02:04 * ilovefire nods
02:05
<@Vornicus>
You can use single or double quotes to delimit strings; the only difference is that with single quotes you have to escape single quotes in the string, and with double quotes you have to escape double quotes.
02:05 * ilovefire nods
02:06
<@Vornicus>
To /escape/ a thing in a string is to make it mean something different - in the case of quotes, it makes it mean just the quote symbol, as opposed to the end of the string.
02:06 * ilovefire nods...
02:06
<@Vornicus>
"I'm looking up \"strudel\" in the dictionary" and 'I\'m looking up "strudel" in the dictionary" are the same string.
02:07
<@C_tiger>
print "So I can say \"things like this\""
02:07
<@C_tiger>
Dang, your example is way better than mine.
02:07
<@C_tiger>
:P
02:07
<@ilovefire>
okay
02:08
<@Vornicus>
You can also use escapes to get special characters: "This is one line\nAnd this is another" <--- \n means "new line"
02:08 * ilovefire nods
02:08
<@Vornicus>
Another important one is \t, which is a tab.

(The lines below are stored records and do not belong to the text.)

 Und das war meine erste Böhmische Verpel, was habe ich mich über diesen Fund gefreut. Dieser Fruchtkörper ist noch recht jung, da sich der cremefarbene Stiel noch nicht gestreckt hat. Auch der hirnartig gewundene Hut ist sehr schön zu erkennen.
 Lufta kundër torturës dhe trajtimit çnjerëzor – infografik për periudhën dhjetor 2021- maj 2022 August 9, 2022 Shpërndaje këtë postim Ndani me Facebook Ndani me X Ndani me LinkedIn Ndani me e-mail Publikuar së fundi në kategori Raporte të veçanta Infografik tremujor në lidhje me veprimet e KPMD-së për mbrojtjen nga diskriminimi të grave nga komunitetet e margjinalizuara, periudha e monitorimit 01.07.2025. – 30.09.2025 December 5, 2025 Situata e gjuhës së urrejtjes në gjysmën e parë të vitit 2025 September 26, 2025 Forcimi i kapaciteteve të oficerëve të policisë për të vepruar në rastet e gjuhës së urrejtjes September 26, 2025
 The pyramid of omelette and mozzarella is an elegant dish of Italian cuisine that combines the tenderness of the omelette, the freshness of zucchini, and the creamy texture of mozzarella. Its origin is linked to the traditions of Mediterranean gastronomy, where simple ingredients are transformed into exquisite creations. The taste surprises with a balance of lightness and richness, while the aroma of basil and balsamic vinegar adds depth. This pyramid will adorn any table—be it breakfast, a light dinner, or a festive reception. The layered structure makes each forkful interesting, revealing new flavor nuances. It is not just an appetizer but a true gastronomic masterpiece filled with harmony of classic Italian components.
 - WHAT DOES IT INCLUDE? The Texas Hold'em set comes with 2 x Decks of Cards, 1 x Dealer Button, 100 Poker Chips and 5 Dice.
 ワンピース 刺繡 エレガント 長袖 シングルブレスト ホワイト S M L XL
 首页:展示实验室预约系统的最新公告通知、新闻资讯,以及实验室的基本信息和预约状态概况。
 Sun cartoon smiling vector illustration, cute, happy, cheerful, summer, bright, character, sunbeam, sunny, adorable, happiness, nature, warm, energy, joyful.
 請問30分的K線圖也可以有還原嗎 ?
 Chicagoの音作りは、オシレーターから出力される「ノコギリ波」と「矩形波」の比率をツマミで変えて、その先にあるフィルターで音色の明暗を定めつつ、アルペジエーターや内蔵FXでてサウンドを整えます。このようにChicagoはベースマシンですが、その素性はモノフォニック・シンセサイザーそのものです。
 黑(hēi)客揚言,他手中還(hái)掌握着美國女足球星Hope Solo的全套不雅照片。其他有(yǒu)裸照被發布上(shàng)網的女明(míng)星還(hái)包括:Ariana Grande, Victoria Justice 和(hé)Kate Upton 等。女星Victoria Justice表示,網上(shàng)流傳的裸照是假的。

There's some others but I don't use most of them.
02:09 * ilovefire nods.
02:10
<@Vornicus>
Strings can be talked about like you can talk about lists: "Hello"[1] gives "e"; for c in "Hello" gives "H" then "e" then "l" then "l" then "o" in turn.
02:11
<@Vornicus>
Strings are, however, unchangeable - "Hello"[1] = "u" doesn't work; you can't use append() or pop() on them either.
02:12
<@Vornicus>
You can glom strings together: "monkey" + "pants" produces "monkeypants"
02:13 * ilovefire nods.
02:15
<@Vornicus>
There are all sorts of ways you can get different versions of strings: "Hello".upper() gives "HELLO"
02:15 * ilovefire nods.
02:16
<@Vornicus>
there's also title, lower, and capitalize, that do similar things.
02:16
<@C_tiger>
capitalize = first letter, title = first letter of every word.
02:16
<@C_tiger>
and swapcase does exactly as you would assume.
02:18
<@Vornicus>
Then there are methods that check to see if all the characters in a string meet certain characteristics: my_string.islower() for instance tells you if all the characters in my_string with case information are lowercase (numbers, symbols, spaces, special characters do not have case information)
02:18
<@C_tiger>
http://docs.python.org/lib/string-methods.html
02:18
<@Vornicus>
I was about to link that.
02:19
<@C_tiger>
(Because reference materials are your friend)
02:20
<@ilovefire>
Indeed.
02:20
<@C_tiger>
You can also make lists of strings or lists containing numbers and strings.
02:27
<@Vornicus>
But the real amazingness of strings comes from your ability to process them: you've got find and replace, ljust center rjust, split and join, and some other toys.
02:27
<@C_tiger>
To be fair, if you really want to do some fun things with strings, learn perl instead of python.
02:28
<@C_tiger>
Then you have the power of regexp!
02:28
<@Vornicus>
Python has regex too, in the re library.
02:28
<@C_tiger>
Oooh.
02:28
<@Vornicus>
But that's a whole language in itself, I don't want to touch it.
02:29
<@C_tiger>
Still, a plug for perl.
02:29
<@Vornicus>
Don't learn perl.
02:29
<@C_tiger>
(but perl isn't as nice as python for learning programming, so on with your regularly scheduled coursework.)
02:29
<@ilovefire>
"To be honest, we hashed most of it together with perl"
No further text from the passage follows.